Со стороны могло бы показаться, что в эти часы, сидя рядом с дядей, Тоби находился в прострации – с пустым взглядом и бессмысленной улыбкой, и все же это было не так. Мальчик смотрел и учился. Компенсируя недоданное, природа часто награждает ущербных людей сверхчеловеческим терпением. Просиживая день за днем, год за годом в студии своего дяди, Тоби медленно учился. Два года назад Сальвадор умер, и Тоби, которому тогда исполнилось только четырнадцать, спросил у отца, может ли он продолжить дело дяди. Мануэль не отнесся к этой просьбе всерьез и постарался мягко объяснить сыну, что его мечты нереальны.
А как-то утром, незадолго до рассвета, он обнаружил Тоби в студии, а по огнеупорной керамической поверхности рабочего стола плыл целый выводок лебедей из простого коричневого стекла. Позади лебедей стояла только что сделанная и уже остывшая ваза. Благодаря специальным примесям и добавкам стекло напоминало загадочное полночное небо, в котором клубился синеватый туман и посверкивали серебристые точки звезд.
Мануэль с первого взгляда увидел, что эта ваза ни в чем не уступала лучшим изделиям Сальвадора, а Тоби в этот момент остужал вторую вазу – не менее прекрасную, чем первая.

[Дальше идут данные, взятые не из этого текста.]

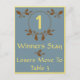 O outono deixa a placa de Mesa Bunco nº 1 design de arte gráfica por Artinspirou*. Use isto no seu jogo Bunco durante o mês de outubro e novembro ou durante todo o ano. Na moda design apresenta um esquema de cores azul, amarelo e marrom. Os design incluem folhas de carvalho com bolotas e um ornamento redondo para colocar o número da tabela. O texto diz que os vencedores ficam e os perdedores vão para a Mesa 3. O texto e o número da tabela podem ser alterados. Este cartão funcionaria também para casamentos, almoços, chás, arrecadadores de fundos, jantas e outros eventos, caso fosse necessário um cartão de mesa.
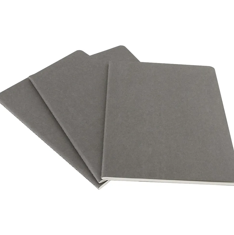 The Moleskine Cahiers are journals with a flexible heavy-duty cardboard cover in pebble grey with visible stitching on the spine. The last 16 sheets are detachable and there is a pocket for loose notes. Each set of 3 pieces includes the Moleskine history. With acid free paper and ruled pages. Set of 3.

Мальчик перенял у дяди все навыки опытного стеклодува и, несмотря на задержку в развитии, определенно знал, как нужно работать, чтобы не причинить себе увечий. И тут тоже проявилось волшебство генетики, поскольку он обладал удивительным талантом, которому нельзя было научиться. Он был не просто мастером, а художником, и даже не художником, а одаренным слабоумным, которого вдохновение художника и умение мастера посещали так же просто, как волны накатываются на берег.